[Stored items from a collection]
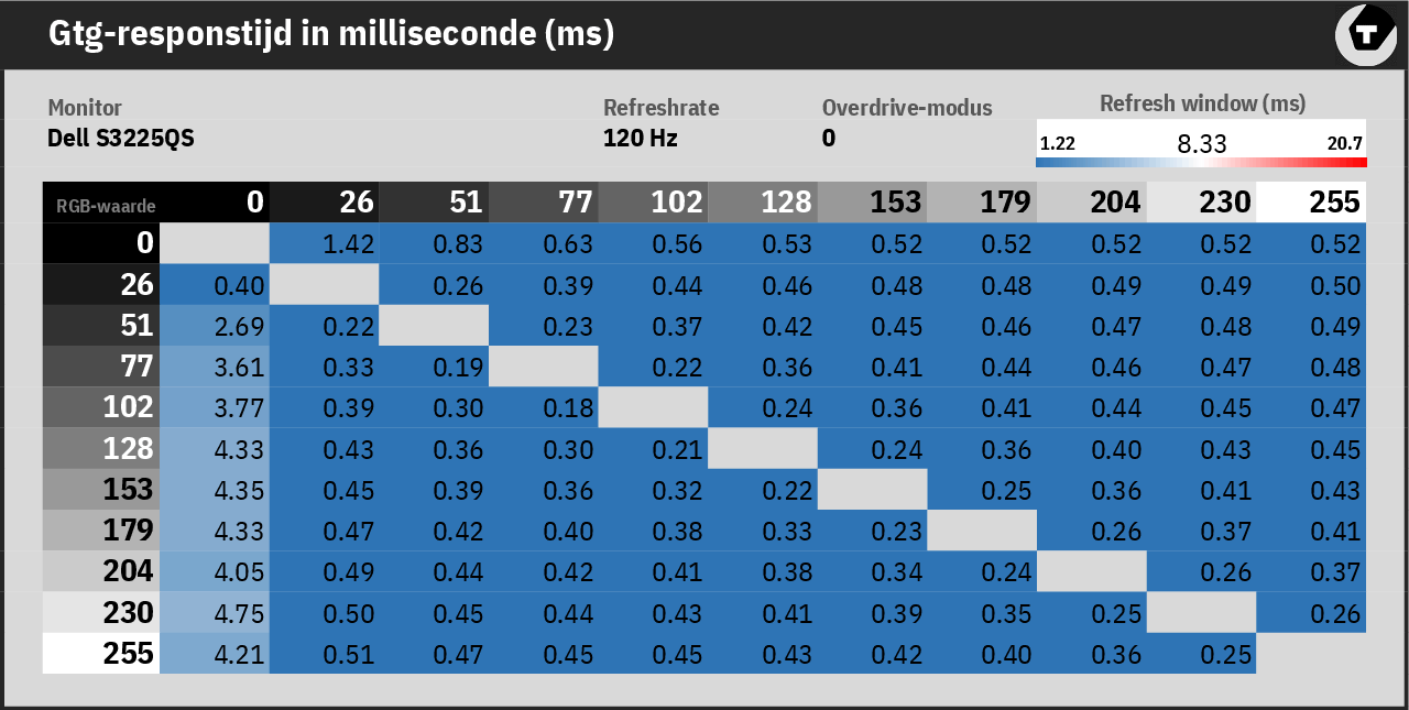 Met ingang van dit jaar meten we de reactietijden van het scherm met behulp van een oscilloscoop van PicoScope, aangesloten op een sensor van Thorlabs. Via zelfontwikkelde software kunnen we geautomatiseerd metingen doen met een strakke tolerantie, gecorrigeerd voor de gammacurve van het scherm. Bij lcd-monitoren bepalen we eerst de optimale overdrive-instelling; vervolgens meten we 110 overgangen tussen verschillende grijstinten. Dat doen we bij 60Hz, 120Hz en de maximale verversingssnelheid van het scherm. De inputlag meten we met de Open Source Latency Testing Tool (Osltt) op de maximale resolutie van de monitor, voor de maximale verversingssnelheid, en bij weergave van 60Hz- en 120Hz-beelden. Meer over onze nieuwe reactietijden- en inputlagtests lees je in dit artikel.
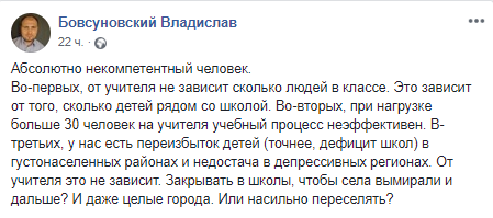 "Абсолютно некомпетентный человек. Во-первых, от учителя не зависит сколько людей в классе. Это зависит от того, сколько детей рядом со школой. Во-вторых, при нагрузке больше 30 человек на учителя учебный процесс неэффективен. В-третьих, у нас есть переизбыток детей (точнее, дефицит школ) в густонаселенных районах и недостача в депрессивных регионах. От учителя это не зависит. Закрывать в школы, чтобы села вымирали и дальше? И даже целые города. Или насильно переселять?", - написал он.
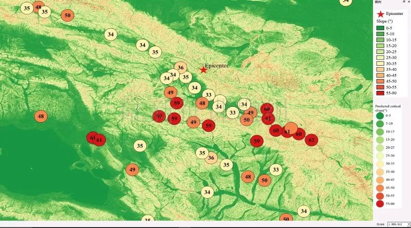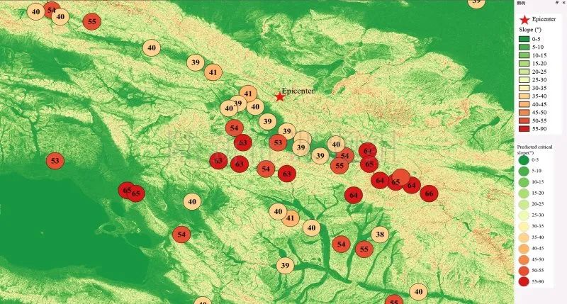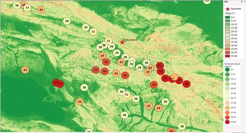 根據當地地形數據、巖性數據和實測地面運動記錄,可以計算得到不同滑坡體飽和比例下的滑坡分布,如圖6所示。其中,底圖為當地坡度分布圖,每個圓圈代表每個臺站的計算結果,圓圈中的數字代表發(fā)生滑坡的臨界坡度,臺站附近坡度大于該數值的地方滑坡發(fā)生概率高。
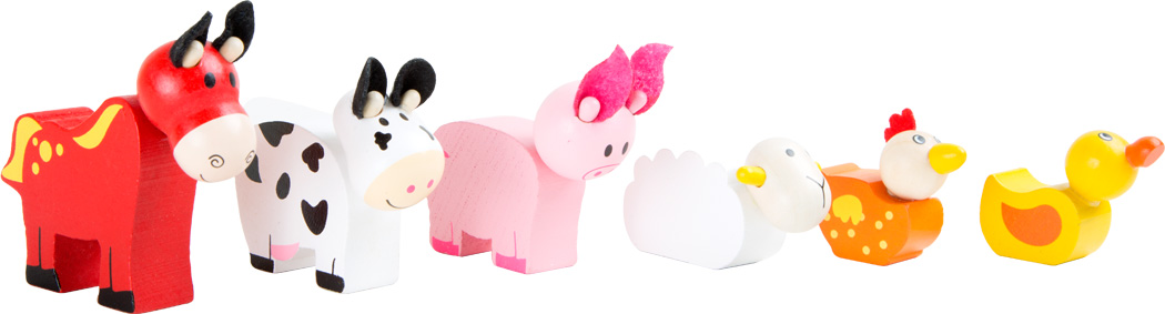 Die Farmtiere sind los! Mit dem stabilen Bauernhof aus Holz ist Spielspaß auch unterwegs garantiert. Alle 15 bunt lackierten Teile passen in die Scheune, die mit einem Gummiband geschlossen und mit den praktischen Kordeln wie ein Koffer getragen werden kann. Was beim Aufklappen zum Vorschein kommt, lädt zu vielfältigen Rollenspiel-Erfahrungen ein: Der Bauernhof enthält nicht nur den Bauern und die Bäuerin, sondern auch fünf niedliche, detailreich bemalte Tiere. Zäune, Bäume und ein Karottenbeet zum Ernten machen diesen Bauernhof aus Holz komplett. Ideal für kleine Spielflächen und auf Reisen - mit dieser Spielwelt aus Holz lässt sich im Handumdrehen Landluft schnuppern!
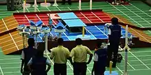 The National ABU Robocon 2014 was held in the Badminton Hall of the Shree Shiv Chhatrapati Sports Complex, Balewadi, Pune on the 6, 7 & 8 March 2014. The theme for Robocon 2014 declared by MITAOE was "A SALUTE TO PARENTHOOD". Institute of Technology, Nirma University, Ahmedabad won the National Contest while Veermata Jijabai Technological Institute (VJTI), Mumbai were the First Runner-up. Both these Institutes got the chance to represent India in the International Contest. MIT Robocon Tech Team representing Maharashtra Institute of Technology, Pune were the Second Runner-up.[19][20][21]
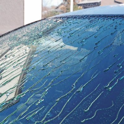 ●雨をはじくだけでなく、油膜や汚れ、霜や雪などの固着を防ぎます。
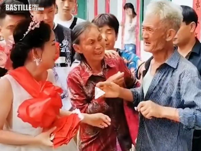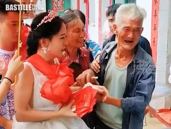 據報,新娘子穿著婚紗緩緩走出家門,其外公突然一邊哭一邊跑到孫女面前,又抓著她的手不放,一邊翻找衣服和褲子的口袋,想拿紅包給孫女當零用錢。
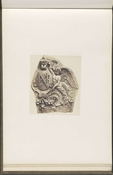 This photograph by Edouard Baldus captures Louis Léopold Chambard’s plaster model, "La Force," destined for the Palais du Louvre. The monochrome image features a cluster of figures perched atop a lion, their forms rendered in sharp detail against a neutral backdrop. The composition rises vertically, drawing the eye upwards through the complex interplay of textures and shapes. Baldus’s photograph does more than merely document; it transforms the sculpture into a study of light and shadow, accentuating the monumentality of "La Force" and its symbolic weight. Consider how the stark contrasts and careful framing invite us to contemplate the relationship between classical forms and the emerging photographic medium. Baldus uses light to sculpt form, mirroring the sculptor's own concerns with volume and space. This interplay emphasizes the translation of physical presence into a visual experience. The photograph stands as a testament to how each medium—sculpture and photography—contributes to interpreting cultural ideals through form.
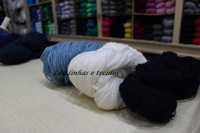 Apesar te ter várias mantas de crochet e tricot, nenhuma tinha as cores pretendidas, pelo que tivemos que ir até à Brancal da Rua dos Fanqueiros e escolher as linhas para começar outra manta (mais um trabalho começado). Trouxemos fio Dralon 4, com 50% de lã e 50% polyester. O modelo já tinha sido escolhido por ela e é igual ao da nossa
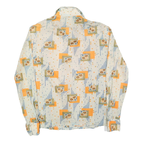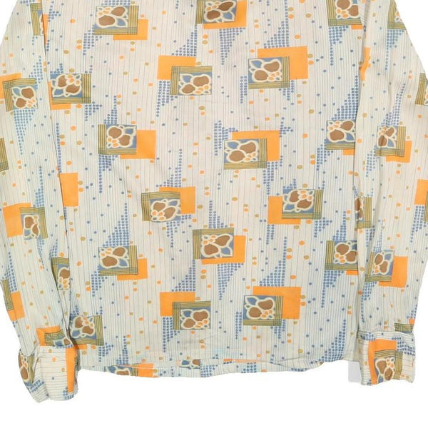 DA VINCI Mens Cream & Orange Pattern Polyester Blend Shirt M Retro Style Long
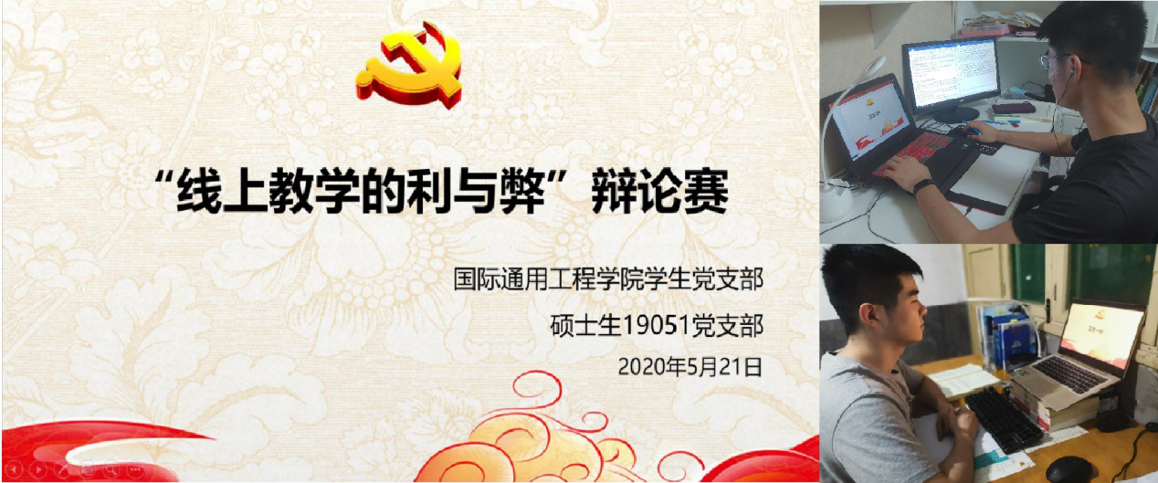 5月21日,硕士生19051员工党支部与国际通用工程学院员工党支部以“线上教学究竟利大于弊,还是弊大于利”为题联合开展线上辩论活动,来自两支部的六名辩手参加了本次辩论。
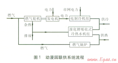 燃?xì)饫錈犭娐?lián)供系統(tǒng)(以下簡(jiǎn)稱聯(lián)供系統(tǒng))是以天然氣為一次能源,產(chǎn)生電和可用冷熱能的能源系統(tǒng)[1]。利用燃?xì)廨啓C(jī)、內(nèi)燃機(jī)等發(fā)電機(jī)組與溴化鋰吸收式冷熱水機(jī)組進(jìn)行優(yōu)化組合,可實(shí)現(xiàn)終端能源的梯級(jí)利用和高效轉(zhuǎn)換,避免遠(yuǎn)距離輸電損失,提高能源利用效率,降低能耗。[2-12]。
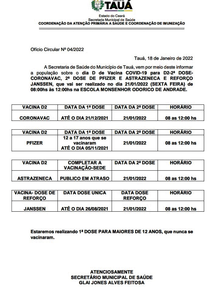 A Secretaria de Saúde do município de Tauá realizará na sexta-feira (21), mais um Dia D de vacinação contra a Covid-19. O atendimento acontecerá no horário de 8h às 12h, na Escola Profissional Monsenhor Odorico de Andrade.
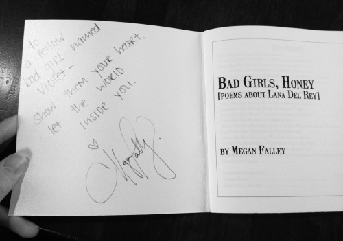 for a copy of megan falley’s latest book, “bad girls, honey [poems about lana del rey]” - be one of the first 50 people to send $11 to meganfalley@gmail.com via paypal & get that bad girl in your mailbox right away.
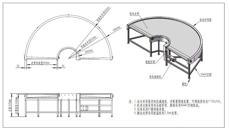 1、相較普通輸送機增加轉彎功能,可滿足各種輸送工藝要求。
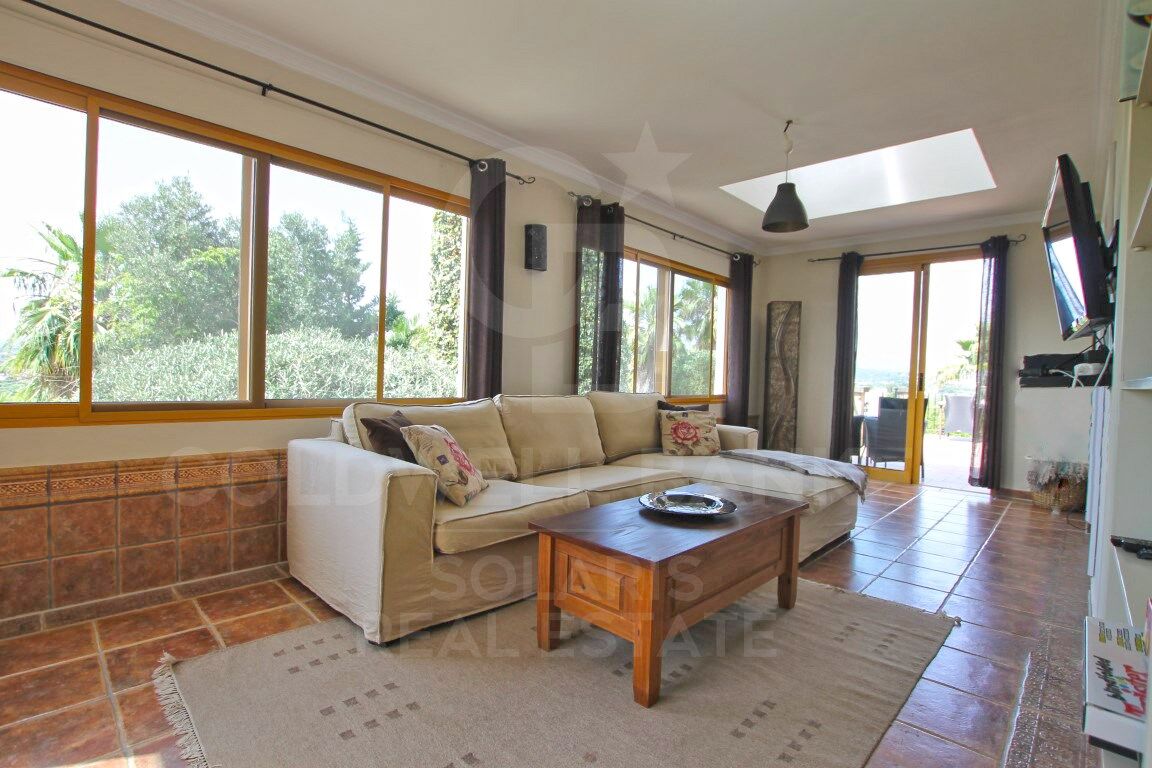 Das Obergeschoss besteht aus einem großen und unverwechselbaren runden Wohnzimmer, dieser wunderbare Bereich vermittelt das Gefühl, das Herz des Hauses zu sein, und bietet schöne Merkmale wie Terrakottaböden, Holzbalkendecken und viele Bogenfenster mit herrlichem Blick über das Tal und den Montgo. Über diesem Wohnzimmer befindet sich eine wunderschöne Dachterrasse, die perfekte Chill-Out-Area. Auf dieser Ebene befindet sich auch eine weitere Gästesuite.
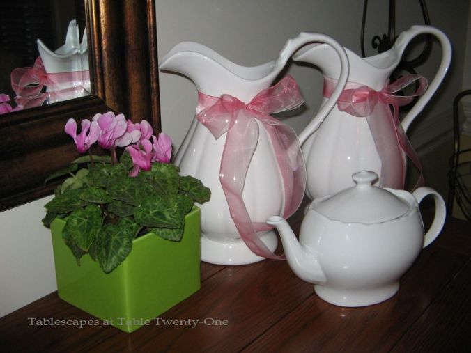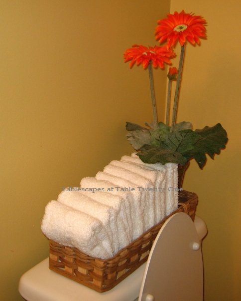The simply folded napkins are actually plush white wash cloths tied with green and red curling ribbon. I pick the cloths up at Sam’s Club to stock our bathrooms for use as hand towels like this:

:: Brief ::
Using the data above, transcribe exactly the lines between those containing "DA VINCI Mens" and "燃?xì)饫錈犭娐?lián", inclusive, and leave every picture behind.

:: Final answer ::
 DA VINCI Mens Cream & Orange Pattern Polyester Blend Shirt M Retro Style Long
 5月21日,硕士生19051员工党支部与国际通用工程学院员工党支部以“线上教学究竟利大于弊,还是弊大于利”为题联合开展线上辩论活动,来自两支部的六名辩手参加了本次辩论。
 燃?xì)饫錈犭娐?lián)供系統(tǒng)(以下簡(jiǎn)稱聯(lián)供系統(tǒng))是以天然氣為一次能源,產(chǎn)生電和可用冷熱能的能源系統(tǒng)[1]。利用燃?xì)廨啓C(jī)、內(nèi)燃機(jī)等發(fā)電機(jī)組與溴化鋰吸收式冷熱水機(jī)組進(jìn)行優(yōu)化組合,可實(shí)現(xiàn)終端能源的梯級(jí)利用和高效轉(zhuǎn)換,避免遠(yuǎn)距離輸電損失,提高能源利用效率,降低能耗。[2-12]。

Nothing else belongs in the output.